By Richard Rupp and Bridget Hawkins
Editor’s note: This is the first of a two-part series.
Dear VaccineSmarts,
How do you know that vaccines are safe?
Jane
Bayou Vista
Dear Jane,
Our confidence in vaccine safety comes from the knowledge that vaccine development and manufacturing are heavily regulated and that even after licensure, vaccines are closely monitored for safety and effectiveness. The infrastructure surrounding vaccine safety is impressive.
 
In this country, all routinely recommended vaccines are licensed by the Food and Drug Administration. The route to licensure is highly regimented. Vaccine testing first occurs in several different kinds of animals. Researchers make sure that the vaccine does not cause illness or reproductive problems in the animals.

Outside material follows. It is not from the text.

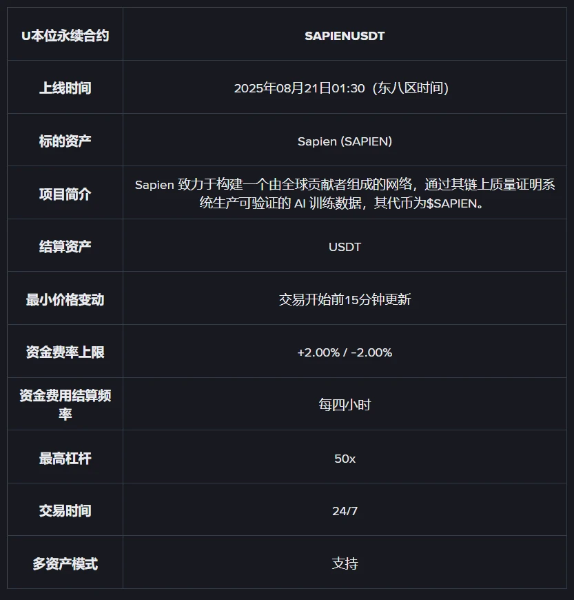 当前位置:首页 > 实时快讯 > 正文 币安Alpha上线Sapien代币交易及永续合约并启动限时空投 实时快讯 作者:猎奇网 时间: 2025-08-20 11:37:46 浏览:30 币安Alpha宣布将于2025年8月21日01:00(东八区时间)上线Sapien(SAPIEN)代币交易,币安合约平台同步于当日01:30(东八区时间)推出SAPIENUSDT永续合约,支持最高50倍杠杆。该平台成为首个开放Sapien合约交易及展示其代币的交易平台,并同步启动限时空投活动:2025年8月21日01:00至8月22日01:00期间,符合条件的用户可通过币安Alpha活动页面使用积分领取独家代币空投。 相关文章: 币安上线 CROSS 代币并启动空投活动2025-07-04 14:04:31 币安上线RCADE交易并启动分阶段空投活动2025-07-09 18:18:51 币安上线Yala代币并启动分阶段空投活动2025-07-22 17:51:22 币安上线Gaia代币并启动分阶段空投活动2025-07-30 14:45:20 币安Alpha上线Towns代币并启动双阶段空投2025-08-05 16:42:13 币安Alpha上线Sidekick(K)代币交易及空投活动启动2025-08-08 14:31:43 币安Alpha上线Sapien代币交易及永续合约并启动限时空投2025-08-20 11:37:46 币安Alpha上线Mitosis(MITO)交易及永续合约,同步开启空投活动2025-08-26 20:35:52 币安合约启动WLFI永续合约盘前交易过渡至标准交易流程2025-09-01 21:13:55 币安Alpha上线Unibase交易及永续合约 最高杠杆50倍并推空投活动2025-09-10 18:06:02

The FDA has a panel of vaccine experts that study the data from the animal studies and review the plan for human testing. The FDA only allows human testing to start once there is evidence that the vaccine may be effective and that the testing will be conducted as safely as reasonably possible. Of course, the FDA exercises an abundance of caution, as they cannot be entirely sure about the safety of a potential vaccine. People do not always react to vaccines the same way thatanimals do.

Tests in humans are called clinical trials. Clinical trials are conducted in phases. Vaccine testing can only progress from one phase to the next if its data demonstrate the vaccine is safe and well tolerated.

Phase 1 trials are also referred to as “first in human testing.” In Phase 1, the vaccine is typically given to 20 to 30 healthy adults. Only the healthiest of volunteers can participate in Phase 1 studies because they can best tolerate any adverse effects if some should occur. The volunteers are monitored closely for side effects. Monitoring usually includes extensive blood tests, physical examinations and frequent vital signs. The volunteers are observed for months to years following their last vaccination.

Phase 2 trials start once the FDA is comfortable that any common side effects from the vaccine are mild. Typically, 100 to 200 volunteers participate in Phase 2. The larger number of subjects allows for less common side effects to be detected. The design of Phase 2 trials usually produces evidence that the vaccine may be protective. Such evidence includes antibody levels or a decreased number of cases of illness. Monitoring does not usually require as much blood work and as many physical exams as Phase 1. Volunteers are usually observed for at least a year.

Ordinarily, thousands of volunteers participate in Phase 3 studies. The large number of volunteers allows for the detection of rare side effects. Monitoring of Phase 3 volunteers is not as close because there is a fair amount of safety information from the earlier phases. Volunteers may be observed for years to see if the vaccine loses effectiveness. A loss of effectiveness over time suggests the need for a booster dose of the vaccine.

The FDA also looks at the vaccine manufacturing process. The manufacturer must demonstrate the ability produce consistent batches of vaccine meeting high purity standards. The manufacturer must also demonstrate that the vaccine is stable during shipping and that the packaging ensures safe administration to patients.

The FDA only licenses vaccines once they are shown to be safe, effective and meet manufacturing standards. The whole process from bench research through licensure takes about 10 years and is costs around a billion dollars.